Task goal:
When you reach the line below that has "Uma casa assombrada", start returning lines exactly, and stop after the line that has "注:数据来源:Wind,20"; skip the pictures.

Dataset entries:
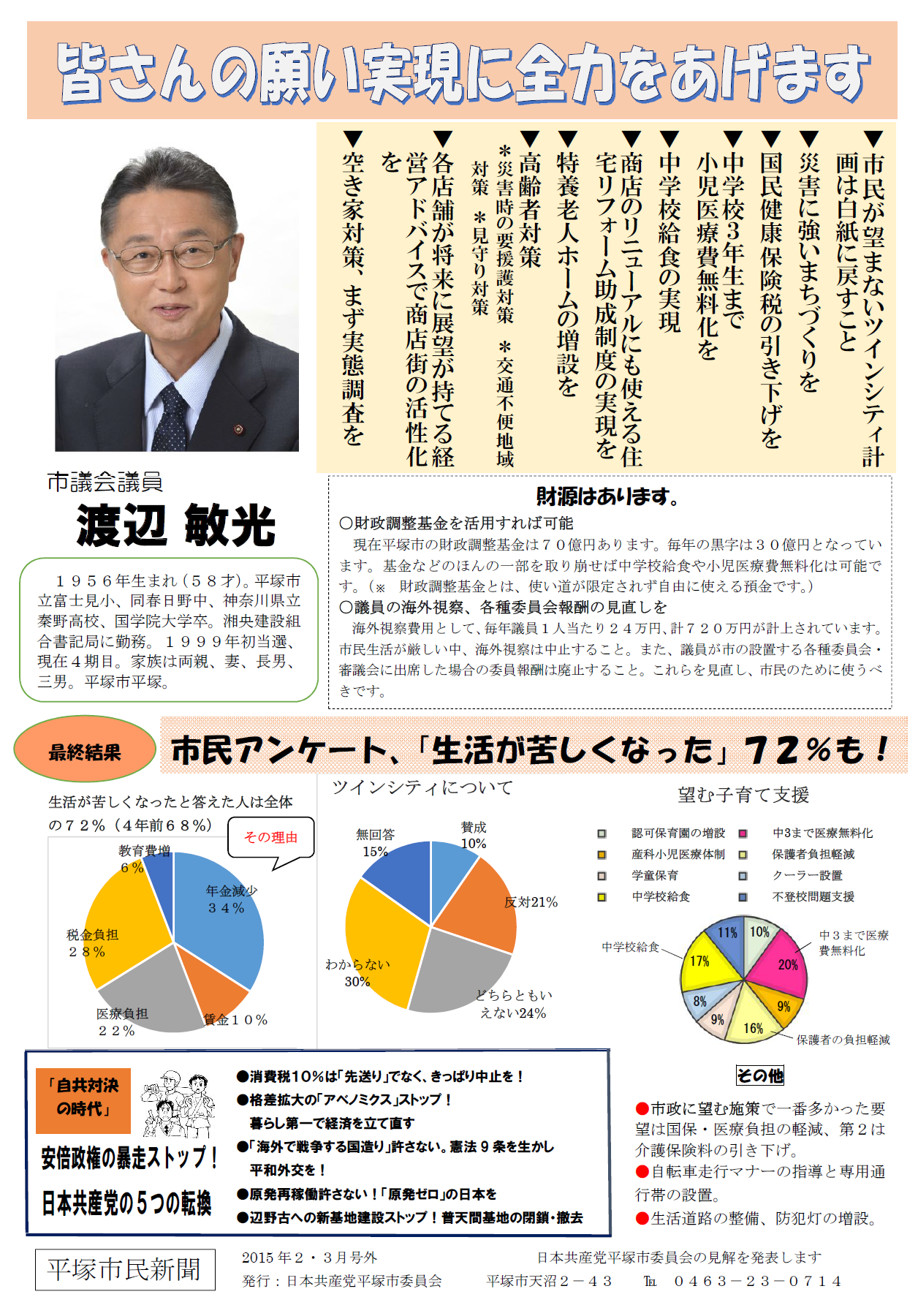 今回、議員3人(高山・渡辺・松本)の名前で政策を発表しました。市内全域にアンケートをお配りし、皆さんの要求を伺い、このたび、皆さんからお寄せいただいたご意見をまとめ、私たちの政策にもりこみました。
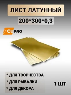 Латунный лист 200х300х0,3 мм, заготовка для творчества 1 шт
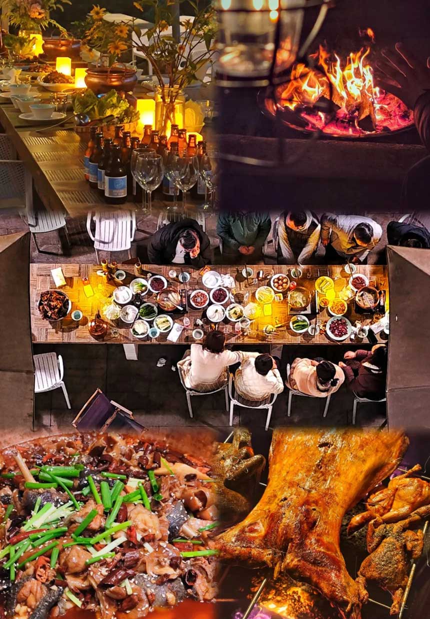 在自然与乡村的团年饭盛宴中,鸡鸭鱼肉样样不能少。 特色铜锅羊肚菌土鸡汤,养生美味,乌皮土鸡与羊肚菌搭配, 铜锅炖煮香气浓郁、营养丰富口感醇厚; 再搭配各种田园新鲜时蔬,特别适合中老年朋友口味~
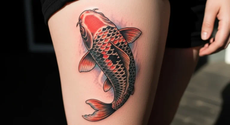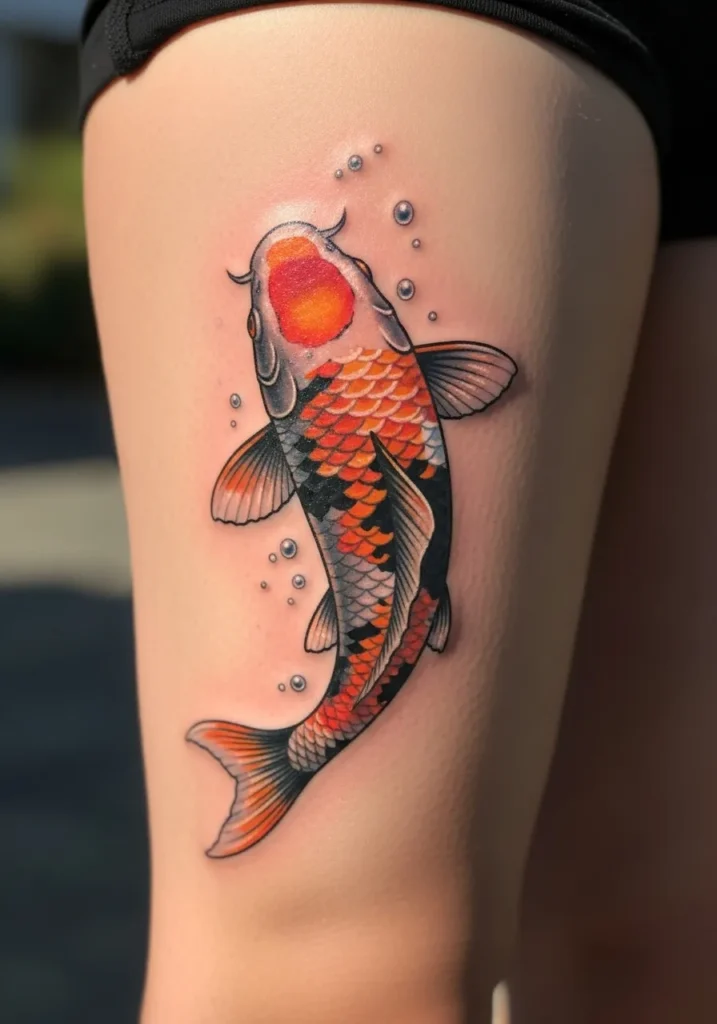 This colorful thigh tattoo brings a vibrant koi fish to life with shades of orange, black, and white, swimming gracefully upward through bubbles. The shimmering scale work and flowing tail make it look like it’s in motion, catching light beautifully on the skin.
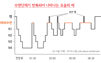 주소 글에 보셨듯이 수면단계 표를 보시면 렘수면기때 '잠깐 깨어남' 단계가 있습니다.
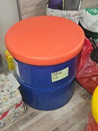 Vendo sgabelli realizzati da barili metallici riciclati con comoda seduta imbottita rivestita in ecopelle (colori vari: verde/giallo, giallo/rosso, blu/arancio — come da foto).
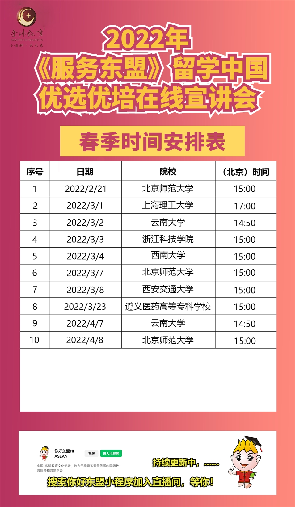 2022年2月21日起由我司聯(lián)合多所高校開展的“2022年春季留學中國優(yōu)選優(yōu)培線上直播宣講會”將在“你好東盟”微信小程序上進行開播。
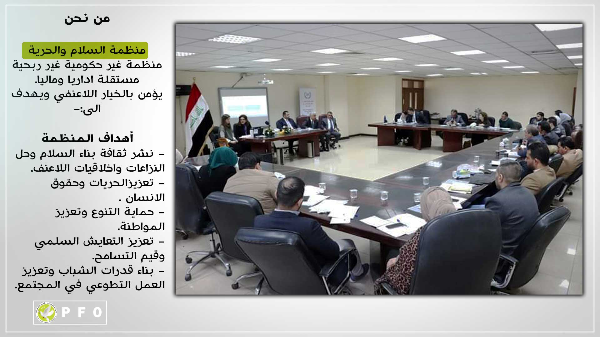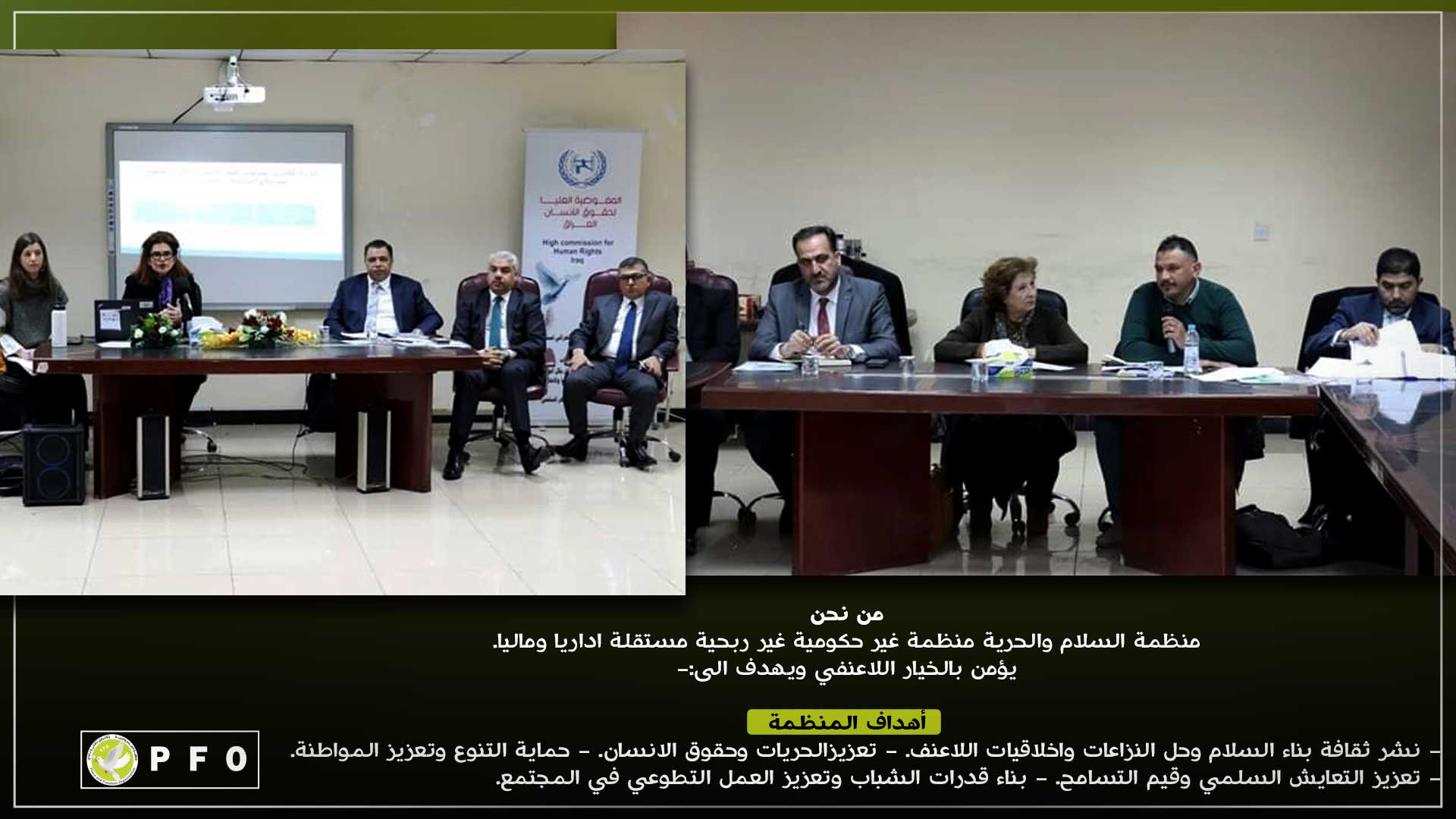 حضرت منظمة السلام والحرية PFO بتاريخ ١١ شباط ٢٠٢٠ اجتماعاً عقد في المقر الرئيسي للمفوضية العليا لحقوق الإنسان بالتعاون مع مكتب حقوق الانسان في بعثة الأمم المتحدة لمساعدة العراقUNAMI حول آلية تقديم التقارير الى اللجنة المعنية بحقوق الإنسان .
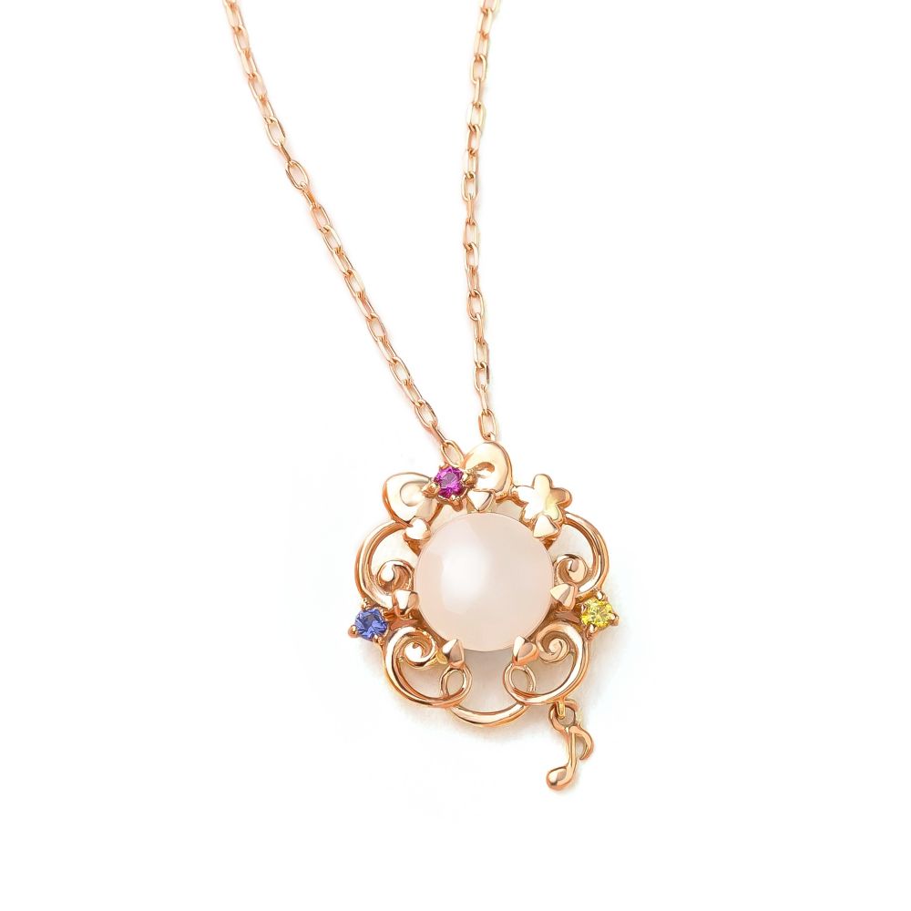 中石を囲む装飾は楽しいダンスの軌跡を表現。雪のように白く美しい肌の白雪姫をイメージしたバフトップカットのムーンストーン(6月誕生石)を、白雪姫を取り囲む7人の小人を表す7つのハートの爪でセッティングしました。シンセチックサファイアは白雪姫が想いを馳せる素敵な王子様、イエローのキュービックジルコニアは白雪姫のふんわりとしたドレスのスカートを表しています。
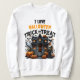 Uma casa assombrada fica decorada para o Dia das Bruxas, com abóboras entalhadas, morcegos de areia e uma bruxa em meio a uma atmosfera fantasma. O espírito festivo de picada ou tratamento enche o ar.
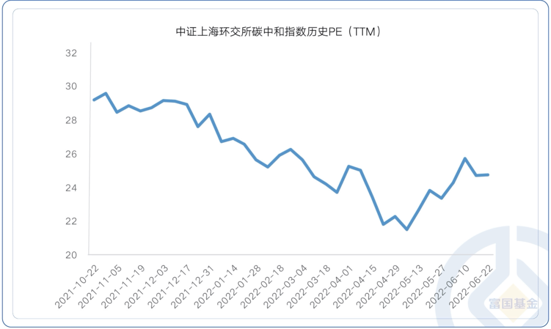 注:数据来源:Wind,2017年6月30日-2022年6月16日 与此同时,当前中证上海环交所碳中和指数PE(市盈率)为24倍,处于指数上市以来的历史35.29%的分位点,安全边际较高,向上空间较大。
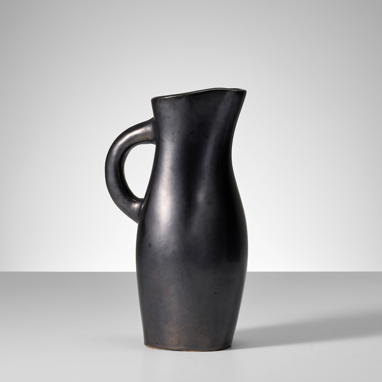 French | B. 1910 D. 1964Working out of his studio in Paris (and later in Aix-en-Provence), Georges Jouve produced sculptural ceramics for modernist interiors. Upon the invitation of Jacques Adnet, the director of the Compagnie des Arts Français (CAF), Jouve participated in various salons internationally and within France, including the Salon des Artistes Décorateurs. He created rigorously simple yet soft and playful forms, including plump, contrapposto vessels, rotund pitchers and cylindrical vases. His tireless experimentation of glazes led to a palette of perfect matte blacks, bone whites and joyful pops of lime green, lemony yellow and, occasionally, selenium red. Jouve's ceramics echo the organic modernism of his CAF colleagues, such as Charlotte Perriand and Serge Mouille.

Exercise result:
 Uma casa assombrada fica decorada para o Dia das Bruxas, com abóboras entalhadas, morcegos de areia e uma bruxa em meio a uma atmosfera fantasma. O espírito festivo de picada ou tratamento enche o ar.
 注:数据来源:Wind,2017年6月30日-2022年6月16日 与此同时,当前中证上海环交所碳中和指数PE(市盈率)为24倍,处于指数上市以来的历史35.29%的分位点,安全边际较高,向上空间较大。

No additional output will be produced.